[Start of Attachment]

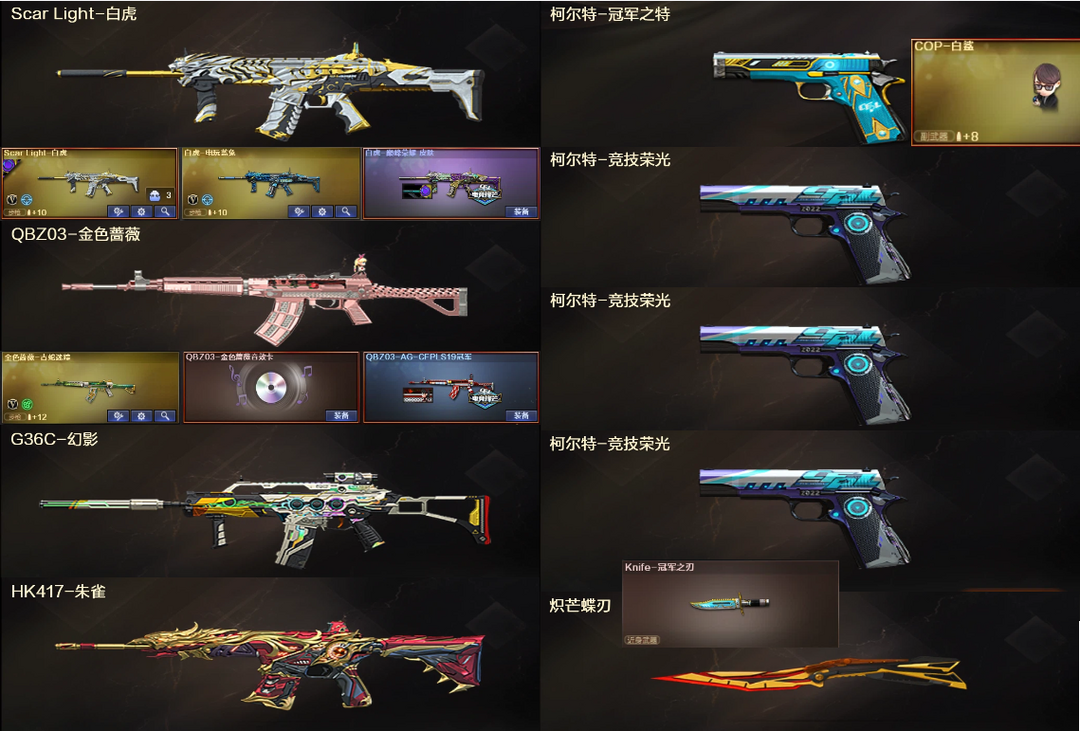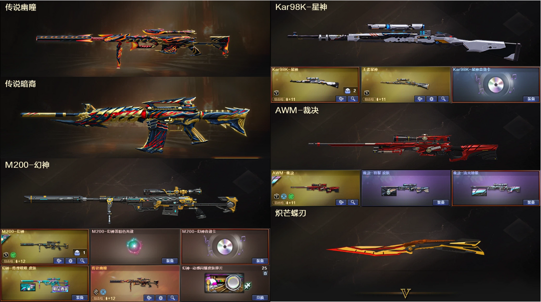 传说幽瞳暗裔♉幻神欧欧音效+星神裁决♉QBZ三件套+白虎幻影+5副冠军特刃炽芒♉战将涂鸦蝴蝶毒蜂6烈
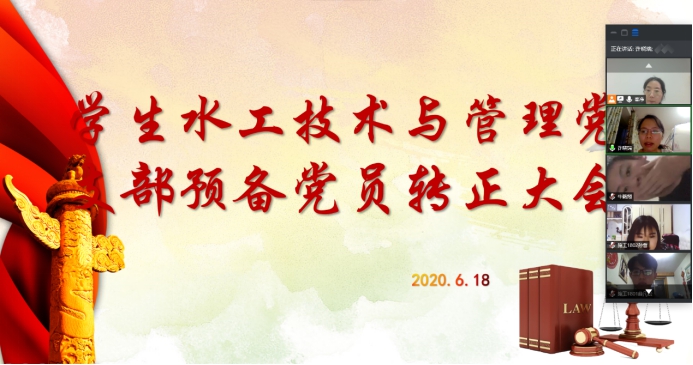 6月18日,水利工程学院学生水工技术与管理党支部以腾讯会议的形式召开预备党员转正大会。会议由支部书记许晓瑞主持,学生党支部全体党员参加了会议。
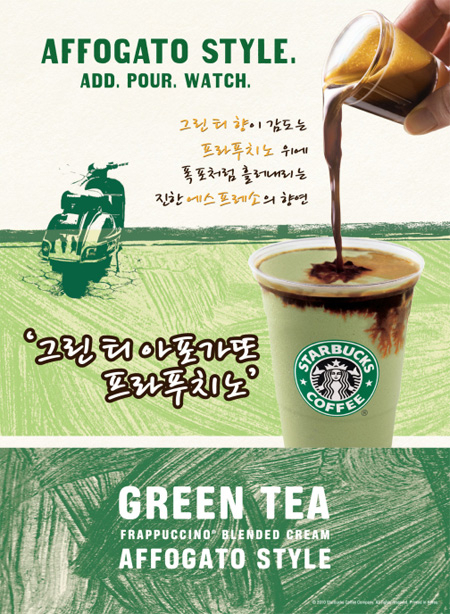 스타벅스커피 코리아가 직원과 고객들의 아이디어로 탄생한 '그린 티 아포가또 프라푸치노'를 전세계 스타벅스 중 한국에서 최초로 3일 선보인다.
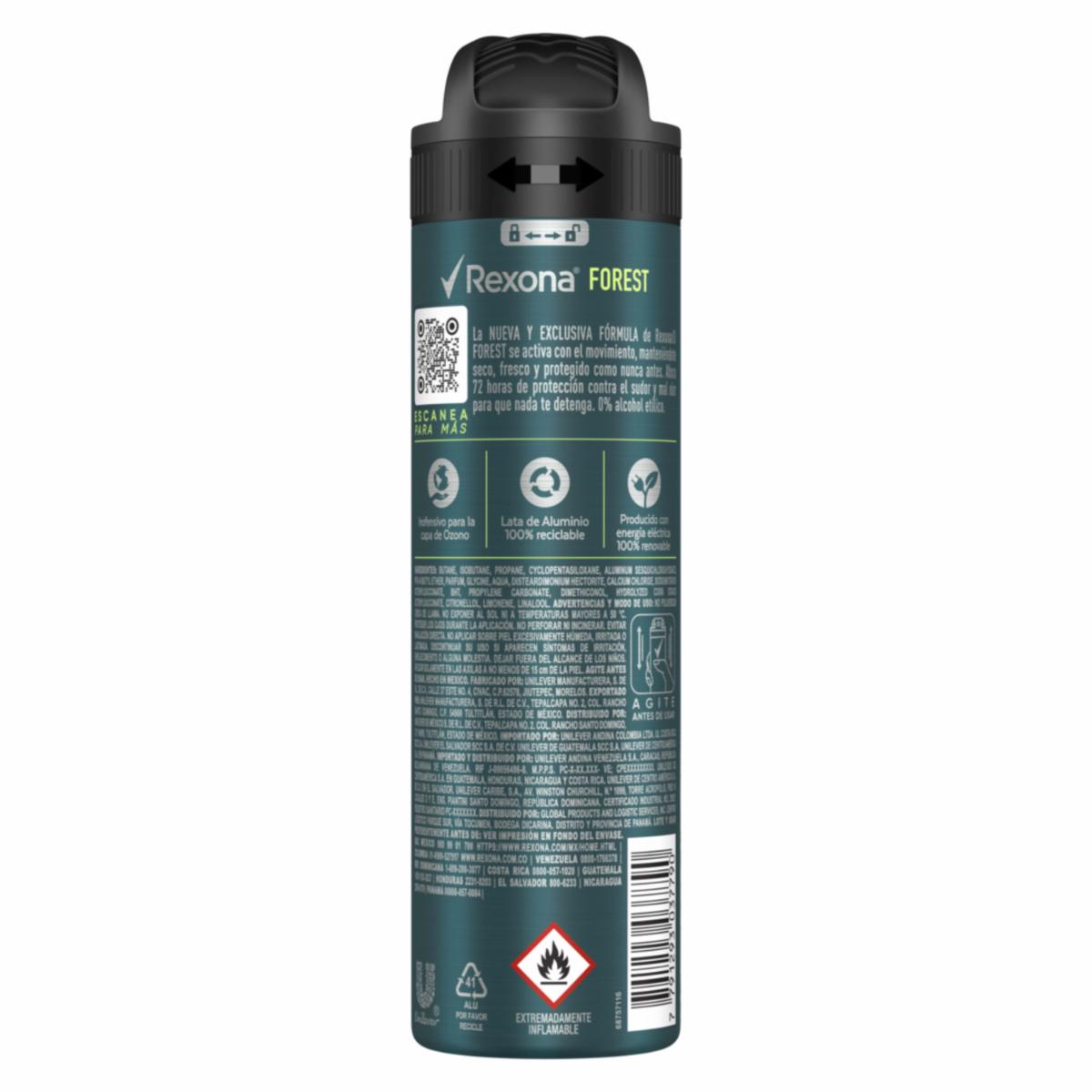 Desodorante En Aerosol Para Caballero Fragancia Forest REXONA 150 Ml
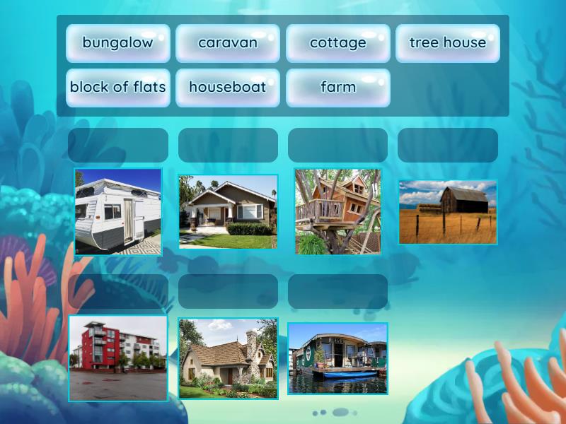 houseboat, cottage, bungalow, block of flats, tree house, farm, caravan,
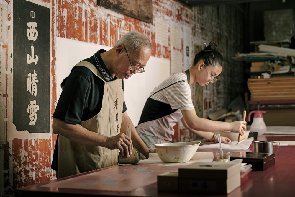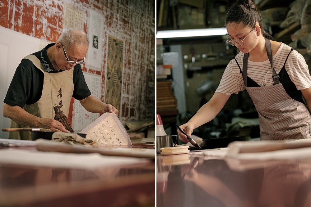 ↑(左)紙類修復師 吳哲叡;(右)「睿雅軒」工作室見習弟子 葉沛吟。
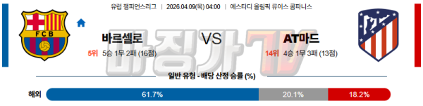 2026-04-09 UEFA 챔피언스리그 FC 바르셀로나 AT 마드리드 해외축구분석 무료중계 스포츠분석
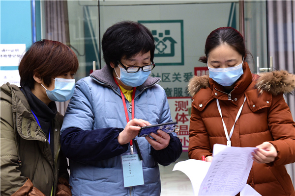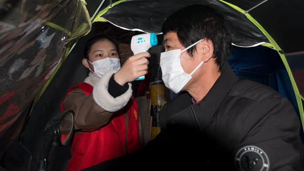 自疫情防控工作開展以來,湖北省咸寧市咸安區(qū)紀(jì)委監(jiān)委90后干部黃煬,始終堅守防疫一線,參與卡點值守、入戶摸排、生活物資代購等工作,耐心安撫居民情緒,為他們進(jìn)行心理疏導(dǎo)。圖為黃煬為夜歸的居民測量體溫。(湖北省咸寧市咸安區(qū)紀(jì)委監(jiān)委 魯一凡 攝)
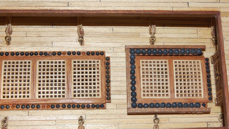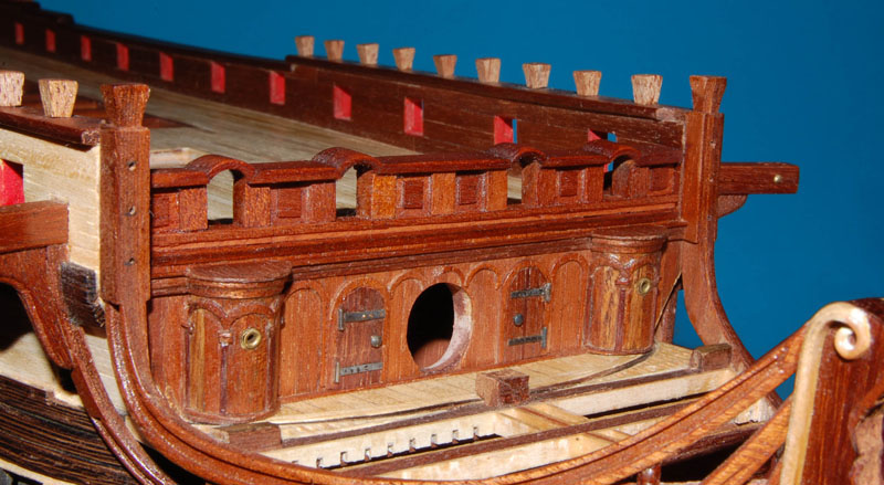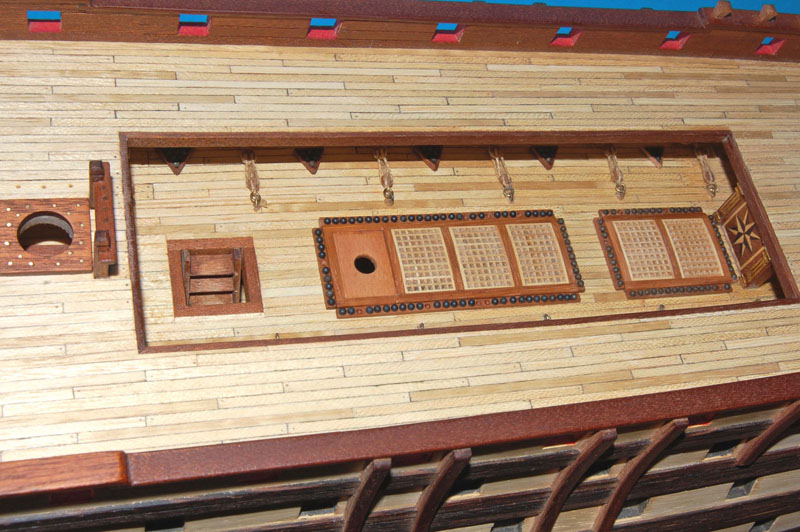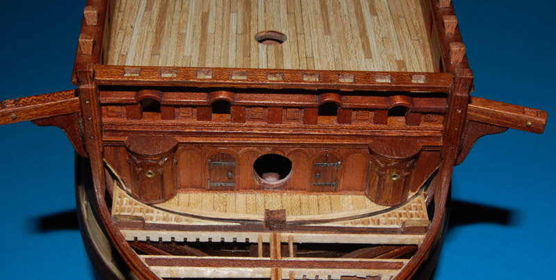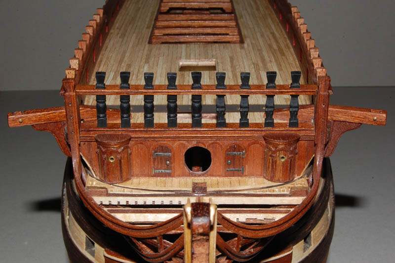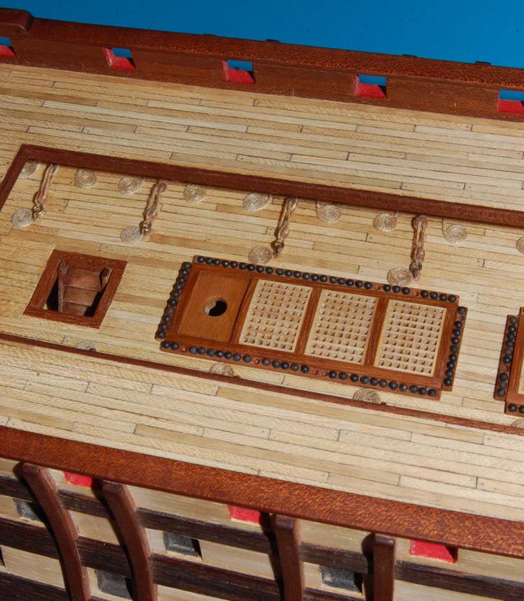 Użyłem tych samych pokładników, chociaż chciałem zmienić na belkę dwuczęściową (jak na HMS Victory). Podobne rozwiązanie zrobił wydawca (AL) zestawu Santa Ana, ale cały ten zestaw przypomina Victory (różnicę stanowi jedynie pawęż i kąt bukszprytu).
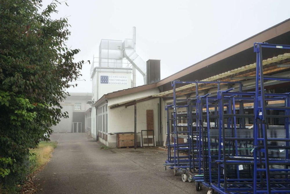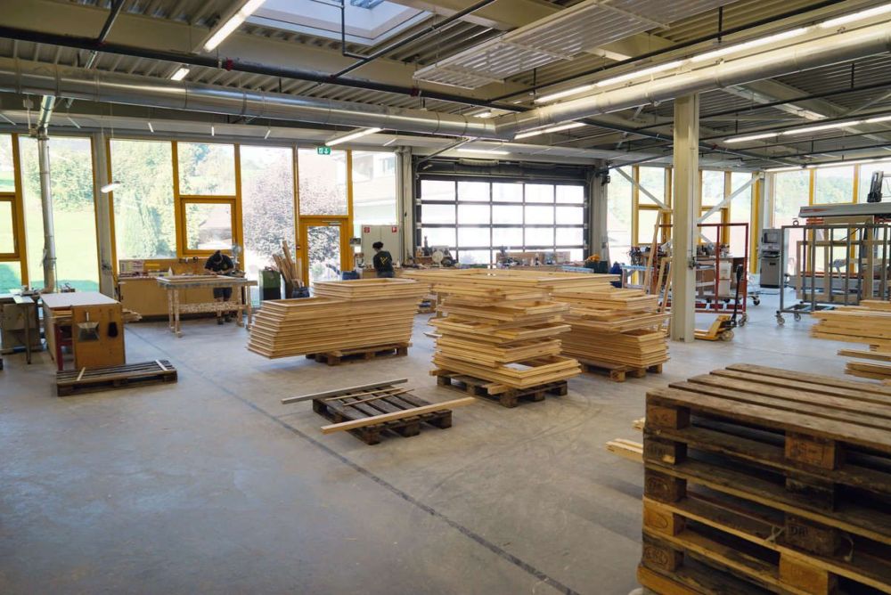 Der letzte Anbau ist vom Dorf abgewandt und wirkt wie ein hochmoderner Bürokomplex mit seiner grosszügigen Glasfassade. In Wahrheit liegen dahinter aber die grossen und hellen Produktionsräume. Bei der Fassade handelt es sich um das hauseigene Modell «Future Windows», dessen Stufenglas den Holzrahmen von aussen verdeckt. Somit kann aussen ausschliesslich Glas gezeigt werden, und innen ist es immer noch ein normales Holzfenster mit allen sonst auch üblichen Funktionen. Neben diesem speziellen Fenstertyp sind die verschiedensten Holz- und Holz-Metall-Fenster-Modelle im Angebot sowie Hebeschiebetüren. Diese brauchen mit ihren Dimensionen gesonderte Aufmerksamkeit und eigene Produktionsbereiche.
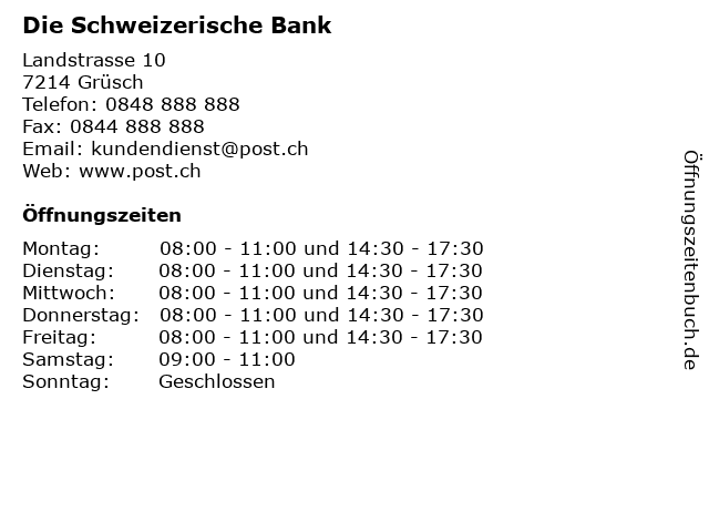 | Öffnungszeiten Die Schweizerische Bank in Grüsch anzeigen | |

[End of Attachment]

Exercise → Copy all the material above exactly, but skip each image.

Response to this task →
 传说幽瞳暗裔♉幻神欧欧音效+星神裁决♉QBZ三件套+白虎幻影+5副冠军特刃炽芒♉战将涂鸦蝴蝶毒蜂6烈
 6月18日,水利工程学院学生水工技术与管理党支部以腾讯会议的形式召开预备党员转正大会。会议由支部书记许晓瑞主持,学生党支部全体党员参加了会议。
 스타벅스커피 코리아가 직원과 고객들의 아이디어로 탄생한 '그린 티 아포가또 프라푸치노'를 전세계 스타벅스 중 한국에서 최초로 3일 선보인다.
 Desodorante En Aerosol Para Caballero Fragancia Forest REXONA 150 Ml
 houseboat, cottage, bungalow, block of flats, tree house, farm, caravan,
 ↑(左)紙類修復師 吳哲叡;(右)「睿雅軒」工作室見習弟子 葉沛吟。
 2026-04-09 UEFA 챔피언스리그 FC 바르셀로나 AT 마드리드 해외축구분석 무료중계 스포츠분석
 自疫情防控工作開展以來,湖北省咸寧市咸安區(qū)紀(jì)委監(jiān)委90后干部黃煬,始終堅守防疫一線,參與卡點值守、入戶摸排、生活物資代購等工作,耐心安撫居民情緒,為他們進(jìn)行心理疏導(dǎo)。圖為黃煬為夜歸的居民測量體溫。(湖北省咸寧市咸安區(qū)紀(jì)委監(jiān)委 魯一凡 攝)
 Użyłem tych samych pokładników, chociaż chciałem zmienić na belkę dwuczęściową (jak na HMS Victory). Podobne rozwiązanie zrobił wydawca (AL) zestawu Santa Ana, ale cały ten zestaw przypomina Victory (różnicę stanowi jedynie pawęż i kąt bukszprytu).
 Der letzte Anbau ist vom Dorf abgewandt und wirkt wie ein hochmoderner Bürokomplex mit seiner grosszügigen Glasfassade. In Wahrheit liegen dahinter aber die grossen und hellen Produktionsräume. Bei der Fassade handelt es sich um das hauseigene Modell «Future Windows», dessen Stufenglas den Holzrahmen von aussen verdeckt. Somit kann aussen ausschliesslich Glas gezeigt werden, und innen ist es immer noch ein normales Holzfenster mit allen sonst auch üblichen Funktionen. Neben diesem speziellen Fenstertyp sind die verschiedensten Holz- und Holz-Metall-Fenster-Modelle im Angebot sowie Hebeschiebetüren. Diese brauchen mit ihren Dimensionen gesonderte Aufmerksamkeit und eigene Produktionsbereiche.
 | Öffnungszeiten Die Schweizerische Bank in Grüsch anzeigen | |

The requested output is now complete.